Directed by Fred Schepisi.
Even though Elizabeth Hudson (Charlotte Rampling) lies dying in her mansion in a wealthy Sydney suburb, she is still a force to be reckoned with. She has a couple of nurses, a housekeeper and a solicitor to tend to her every need and they indulge all her whims. In her morphine moments Elizabeth returns to a time 15 years previously when a huge storm hit the island she was staying on. She repeatedly finds herself on a beach, in the aftermath of the storm, surrounded by complete destruction.
Elizabeth believes that being of a certain class entitles you to die ‘whenever you damn well please’ and she has summoned her children to come to her bedside. Both her grown-up children have fled from the country but they return to their childhood home for the last chance to be with their mother.
Sir Basil (Geoffrey Rush) is an actor in London who has had moderate success on the stage and immense success in luring young women to share his boudoir.

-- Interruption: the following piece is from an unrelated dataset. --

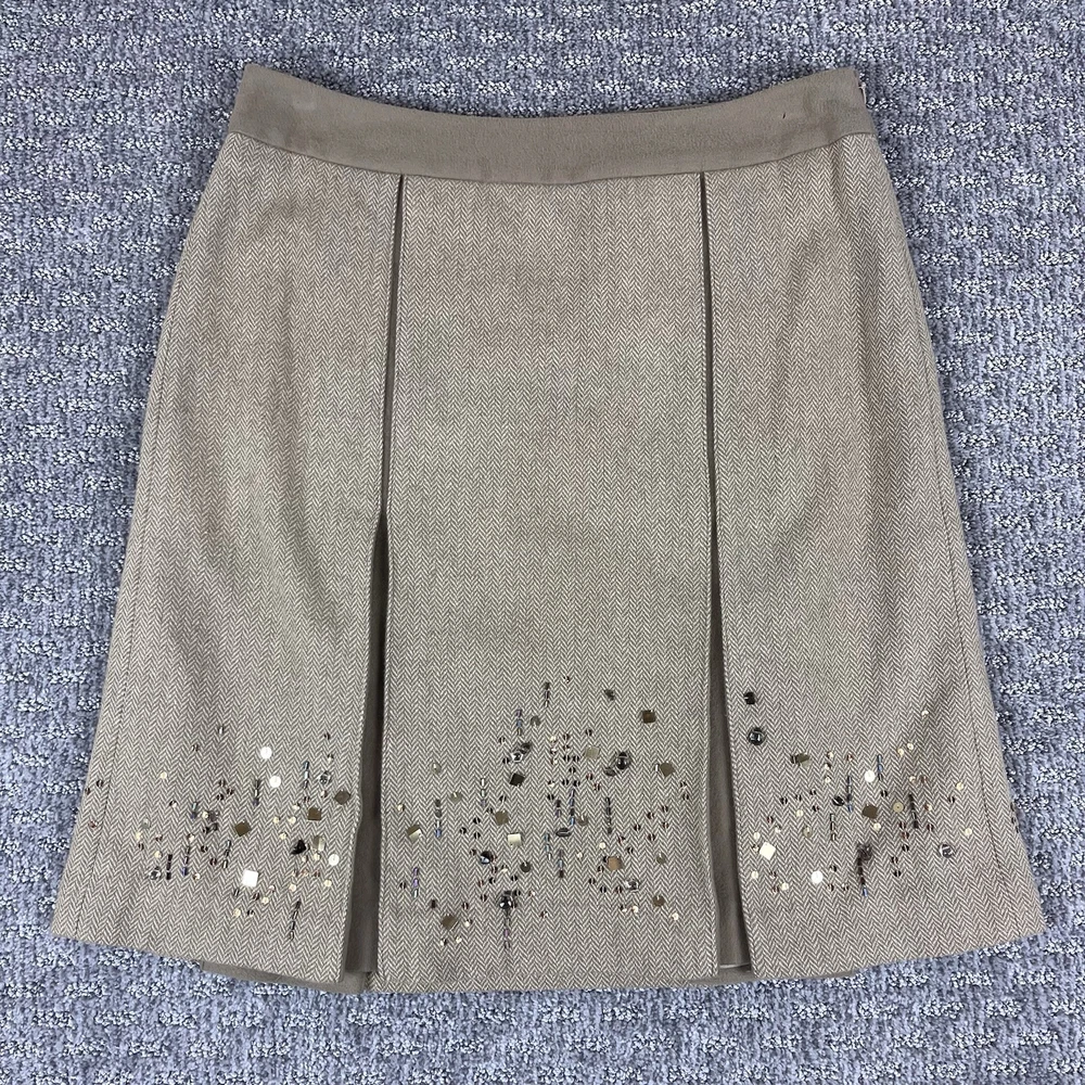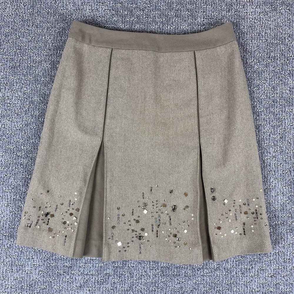 LOFT Womens Skirt Rayon and wool blend Knee length Pleated Beaded Tweed Academia Preppy Office Career Very good preowned condition. There is one faint spot on the waistband as shown in photo #4 Measurements in photos Size 8

Every conversation is a performance and, although he is his mother’s favourite, there is not a great deal of affection between the two. Dorothy (Judy Davis) is a French princess by marriage (even though she has now divorced and penniless she retains the title). She still carries the resentment towards her mother that marked her departure and is really quite bitter towards life in general.
Based on a Patrick White novel, The Eye of the Storm is a savage exploration of family relationships. The children decide to put their mother in a nursing home to expedite her demise. All they want to do is to return to their chosen countries with their inheritance, but they are both forced to go on their own emotional journeys, seeking their own redemption.